Heavier and darker than all other Innis & Gunn beers, the stout shares the unique Innis & Gunn quality of smooth, low carbonated, oak-imbued richness. While the stout flavours are somewhat dampered by the oak, they are at the forefront of the beer. The typical Innis & Gunn sweetness is mostly replaced by flavours of roast, malt, and whisky. Some vanilla certainly remains, though.

On both the nose and the palate is mostly the malt, yet the beer retains the lingering smoothness on the palate typical of Innis & Gunn.
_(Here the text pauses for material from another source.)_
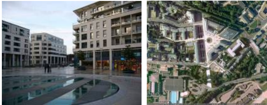
Gardin, un exemple de quartier urbain à l'architecture néo-classique de Caen

Le quartier Beaulieu et la Cité Gardin sont érigés également selon ces critères de mixité des fonctions. L'architecture de ces trois quartiers est assez semblable, d'un style simple et néo-classique.

It is significantly lighter, though creamy and velvetty, than your typical ‘stout’. This results in a nice crisp, inoffensive finish. This might be where my problem with this beer lies: It’s good, no doubt, but, as an oak infused stout, I expected stronger flavours. I expected more whisky, more vanilla, and a more vibrant beer all-around.

Nose: 20
Body: 22
Taste: 20
Finish: 21

Kamran: 83 pts.

*****

As demonstrated by this point, if you haven’t noticed, Innis and Gunn is a long running favourite of ours, and this particular brew is no exception. Similarities in nose carry over with vanilla, chocolate and malt sweetness. Has a similar scent that reminds me of Red Truck Brewing’s Madscow or Crannog Ales’ Backhhand of God… both very well done local craft stouts! The body is a rich black tht fully encompasses mouth like North Coast’s Old Rasputin, more velvety than the creamy sensation of a Guinness. There is a slight bitterness to it as well. The taste was malty, chocolate, vanilla-treacle notes, lightly balanced and not as complex as the 21 Year Highland Cask. The Finish is malty tones, slight hops, yet certainly the sweetness and oak are most prevalent.

While not my favourite by the brewery, it is a VERY welcome addition and one i hope they continue with for years to come. Probably if i were to drink this again, i would refrain from using it as a session beer as it is delicate in complexity and it boasts a high level of alcohol at 7.4%, therefore a better night cap or dessert beer.

Nose: 23.5
Body: 22.5
Taste: 23
Finish: 22

Tristan: 91 pts.

*****

Final Average: 87 pts.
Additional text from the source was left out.